Bonus✨:What’s your favorite family meal?”

Millennial perspectives:

  • Eric - “When I worked at Pineapple and Pearls in DC, our head chef was Chinese-American and used to make this steaming bowl of tomato, egg and rice. It was so warm and filling and good!”
  • Eddie - “My mom’s tamales during Christmas time. It’s something special she’s done since we were kids, and definitely a laborious process.”
  • Mike - “I worked in a predominantly Hispanic kitchen at one of my locations, and they cooked a lot: pupusas, tacos, they really brought me into the culture. That was definitely one of the best times I had with family meals. I also worked with a lot of scratch kitchen chefs, and one chef from New Orleans who would make us jambalaya and gumbo.
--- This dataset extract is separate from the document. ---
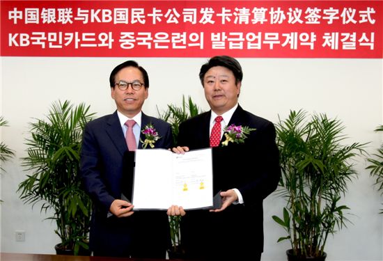최기의 국민카드 사장은 "이번 은련과의 제휴로 실물 경제 뿐 아니라 금융과 지급결제 시장에서도 빠르게 성장하고 있는 중국 시장 진출의 발판을 마련하게 됐다"며 "카드 비즈니스 영역 외에 KB금융그룹 차원의 중국 내 사업 확대에도 기여할 수 있도록 노력해 나갈 계획"이라고 말했다.

That was definitely another favorite.”
  • Drew - “My last family meal in the restaurant world was right before COVID started. There was chicken, pasta and pizza, all made in the kitchen. It was less about the food and more about the folks in the kitchen who had really become family.”

Gen Z perspectives:

  • Olivia - “The ham, definitely. It was so good. I also used to work at Outback. Even though I left a while ago, everything on the menu is still so good.”
  • Amanda -When you’re a prep cook, family meal is your job. When I worked at Ris in DC, they would make Thanksgiving dinner for everybody. We would all sit down in the very nice dining room in our aprons. That place was one of my favorite restaurant experiences.”
  • Marguerite - The way it works at a sports bar, you’re usually too busy to sit down and eat, or you eat really quickly over a trash can. Our cook, Miguel, makes the best buffalo chicken wraps. And when I say buffalo chicken wrap, I really mean just a vehicle for ranch. So anything with ranch is my favorite family meal.”

The verdict: No battle, just hardworking restaurant people

Whether you’re a seasoned restaurateur or a Gen Z server just starting out, the highs and the lows of the restaurant world make it both memorable, character-building and fun. And as many of our [me]ople shared, something everyone should experience at least once. When it comes to the “battle” between the generations, there’s really no battle at all, just hardworking folks of all ages, backgrounds and lived experiences doing (and serving) their best work to the millions of people who dine out every single day. Whether you’re Gen Z, a millennial, or somewhere in between, being a restaurateur is definitely something to be proud of.